A. Michael Lincoff, MD, shares the impetus for the TRAVERSE study.
In this video, A. Michael Lincoff, MD, shares the background behind the recent New England Journal of Medicine study, “Cardiovascular Safety of Testosterone-Replacement Therapy.” Lincoff is vice chairman of the Robert and Suzanne Tomsich Department of Cardiovascular Medicine and an interventional cardiologist in the Sydell and Arnold Miller Family Heart, Vascular & Thoracic Institute at Cleveland Clinic in Cleveland, Ohio.

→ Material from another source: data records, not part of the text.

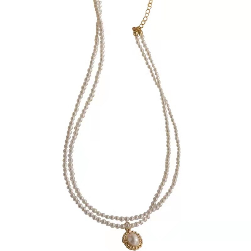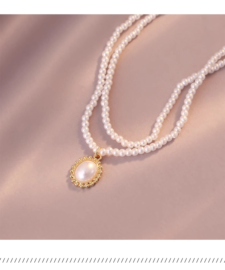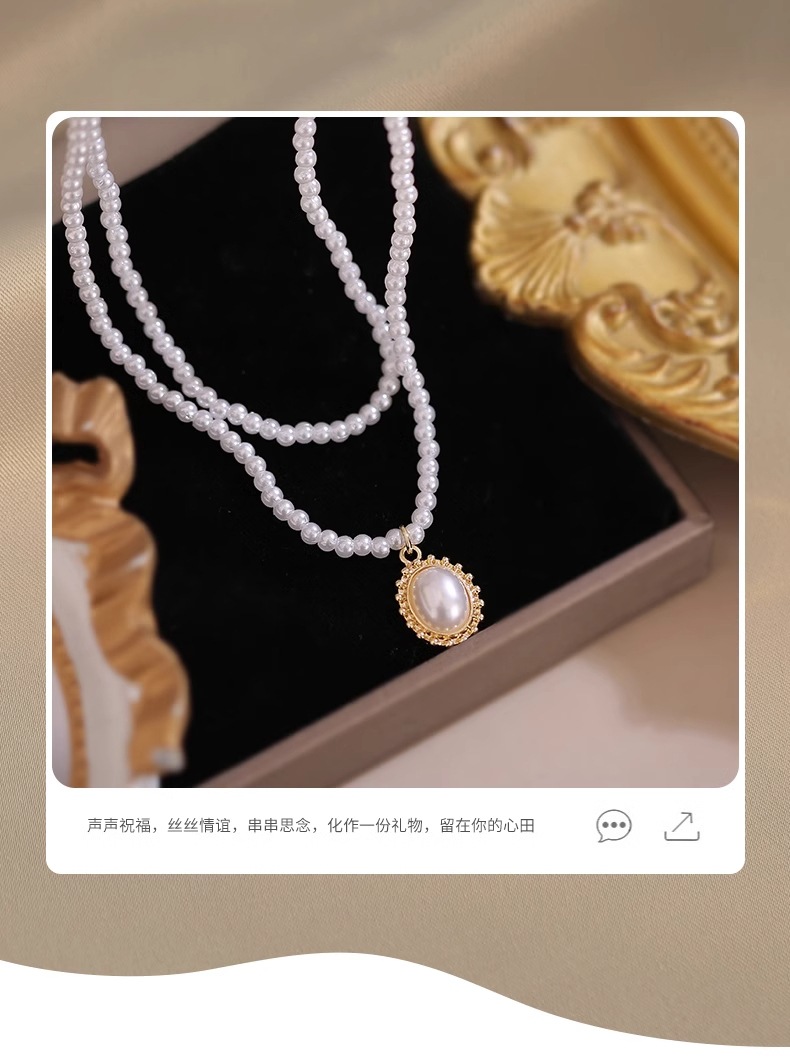 Жемчужное ожерелье легкое роскошное чувство дизайна ниши корейское ретро двойная цепочка ключицы премиум-класса 2025 новый женский аксессуар
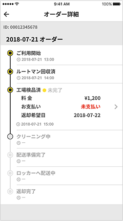 オーダー詳細が表示されます。工場検品済の項目をタップすると、
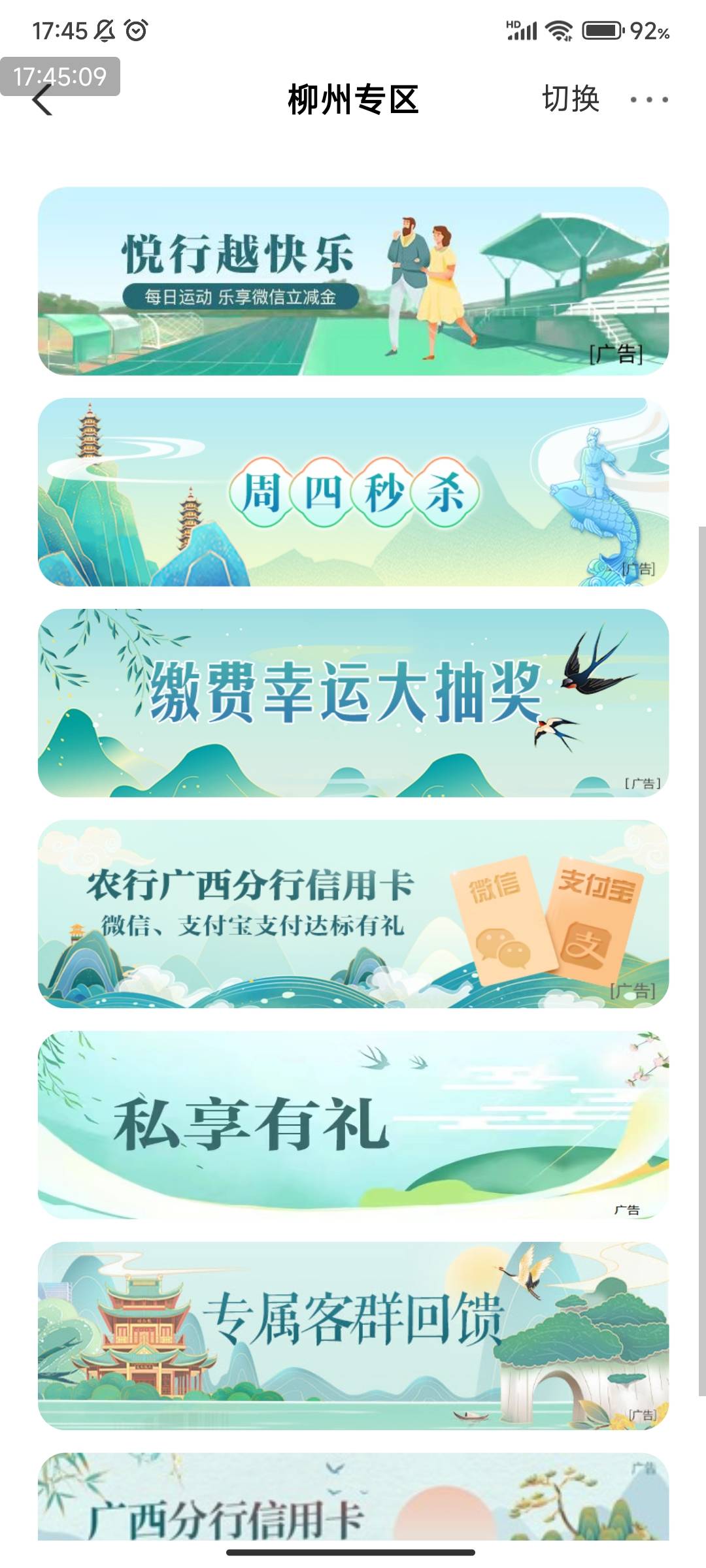本帖最后由 卡农超管 于 2023-10-9 17:49 编辑 农行柳州城市专区缴费幸运大抽奖活动,不用飞

The FDA initiated a review of the use of testosterone replacement therapy in middle-aged and older men in 2010. A small trial of testosterone in older men, the TOM trial, was stopped early by the data safety monitoring committee because of what appeared to be an excess risk of cardiovascular events among the men who had received testosterone. This was a very small trial, with only about 200 men. But the cardiovascular events occurred in 23 patients in the testosterone arm and 5 patients in the placebo arm, so it's a fairly high hazard ratio. The issue is that, although the indication of the approval of testosterone was primarily for severe hypogonadism associated with Klinefelter's or similar genetic disorders or chemical or physical castration, the predominant use in the United States by far is in middle-aged and older men with symptoms of hypogonadism. And those are the same men who have a very high prevalence of cardiovascular disease—as much as 60%—or at least cardiovascular risk factors. And so this finding from the TOM trial was of concern. They reviewed a meta analysis of all the different randomized trials, which also suggested an increased risk, although the number of events that would have qualified as severe major adverse cardiac events was relatively low. And then they also looked at retrospective studies, which had very mixed results and of course are confounded. So I was privileged to be part of an advisory committee meeting that they held in September of 2014, the question to which was, is there sufficient information to make a decision one way or the other? And the overriding consensus was there was not. And so the FDA issued a guidance in March of 2015 that changed the labels, putting a warning on the label of testosterone products and also required testosterone manufacturers to conduct a trial or trials of sufficient size and appropriate design to rule out whether there was an increased risk of myocardial infarction stroke, with testosterone replacement therapy in that group. That was the motivation for the TRAVERSE trial.
This transcript was edited for clarity.